The next lesson (Lesson 181: Q1 2027 Cert Intake Rehearsal Calendar Export from Lesson 172 Rubric JSON (2026)) exports the 172 rubric into ICS + governance README so Q1 2027 tabletop rooms are not double-booked in October 2026 planning decks. Lesson 180 keeps AI out of signer-visible text; Lesson 181 keeps calendar chaos out of intake week.

Continuity

  • Paired Unity guide chapter (next Guide-Create pass): Unity 6.6 LTS OpenXR governance red-team prompt exporter preflight — ScriptableObject template + frozen packet hash gate before any LLM call.
  • Lesson 179 — regional ingestion findings may feed red-team section_ref tags.
  • Lesson 178 — carve-back tickets should not be auto-closed by model suggestions.
  • Lesson 177 — dictionary columns in frozen packet must match migration phase.
  • Lesson 176 — promoted patches create new reply packet semver, never in-place hash rewrite.
  • Lesson 175 — red-team raw logs append to WORM prefix, not mutate archive rows.
  • Lesson 174 — signer ack on promoted blockers.
  • Lesson 172 — rubric JSON becomes Lesson 181 calendar source.
  • Lesson 171 — tuple freeze is the red-team entry gate.
  • Lesson 170 — FAQ field allow-list defines signer-visible boundary.

FAQ

Can we ban LLMs entirely and skip this lesson?
Yes for production annex authoring.

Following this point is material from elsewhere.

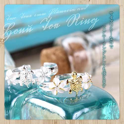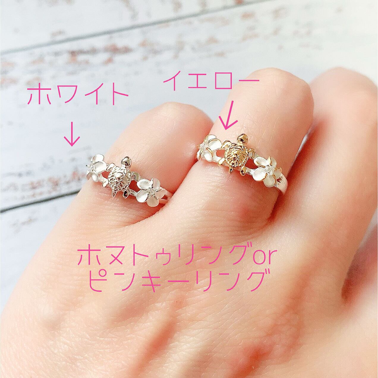 トゥリング ピンキーリング 指輪 ホヌ ウミガメ シルバー レディース 女性用 ハワイアンジュエリー イエロー ホワイト

You still need a written “no AI on signer fields” policy in intake packets—partners ask even when you do not run models.

Does red-team replace mock audit tabletop?
No. Lesson 172 tabletop stays human-scored; red-team is extra critique on frozen bytes before send.

Which model provider?
Any—log model_provider + model_id on the run row. Policy is process, not vendor.

Can deferred findings ship?
Yes if severity is minor/info only. Blocker/major pending_human keeps publish gate red.


Partners in 2026 do not fear LLMs—they fear unattested LLM edits on annexes they must sign. Red-team loudly, promote quietly, and keep every signer-visible byte behind a human thumbprint.